Assessing the Long-Term Risks in Subsurface Carbon Storage Projects: Summarizing What’s Been Learned from Underground Storage Projects #18

Posts 10-17 in this series contained 8 examples of underground injection projects. Each of them encountered events that impacted project results. And while some of these events were anticipated, most were not. Building on these experiences, a series of observations can be made.

Understanding the subsurface is fundamental for SCS projects, just as it is for hydrocarbon exploration. We begin with homogeneous and isotropic models, and then refine them to approximate the state of nature.
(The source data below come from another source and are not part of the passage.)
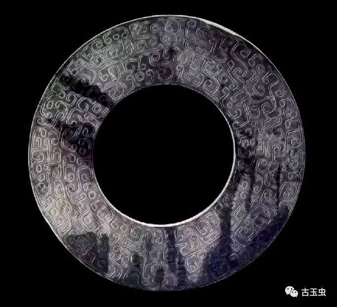 蒲纹玉璧 外径14厘米,内径4.3厘米,厚0.25厘米
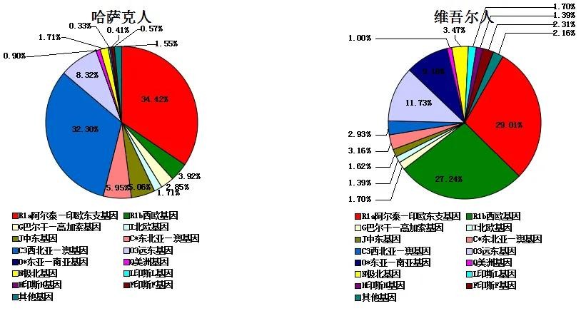 哈萨克斯坦人属于比较古老的突厥民族,R1a与C各占有相当的比例。哈萨克人中的霍加部落多是波斯、中东的传教士后代,其中东基因便是来自于他们。
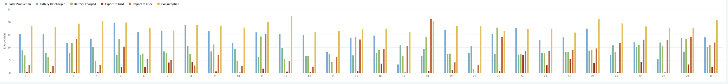 Showing generation, battery discharge, battery charging, export, import to use and consumption for 2025

In the absence of dynamic injection data, it is challenging to capture the true heterogeneity of the reservoir and its impact on CO2 plume movement (Sleipner project), especially if natural fractures are involved (In Salah project).

This has implications for how much fluid can be stored without pressuring-up the reservoir (Snøhvit project) or exceeding the fracture gradient and breaching containment (Tordis project). The thickness of permeable reservoir (Kh) is key for achieving injectivity, which can be diminished by operational problems (Gorgon project) or halted by induced seismicity if geomechanical properties are unknown (Castor project).

Once the CO2 is injected, understanding the plume size, geometry, and migration direction becomes critical. Injected fluids may impact offset accumulations (Wilmington and Huntsman projects) and pose significant liability, especially in areas where the pore space is privately owned.

These are not easy hurdles to overcome, and a concerted effort is needed to address them. We’ll summarize some of the techniques we use to address these issues in our next posting.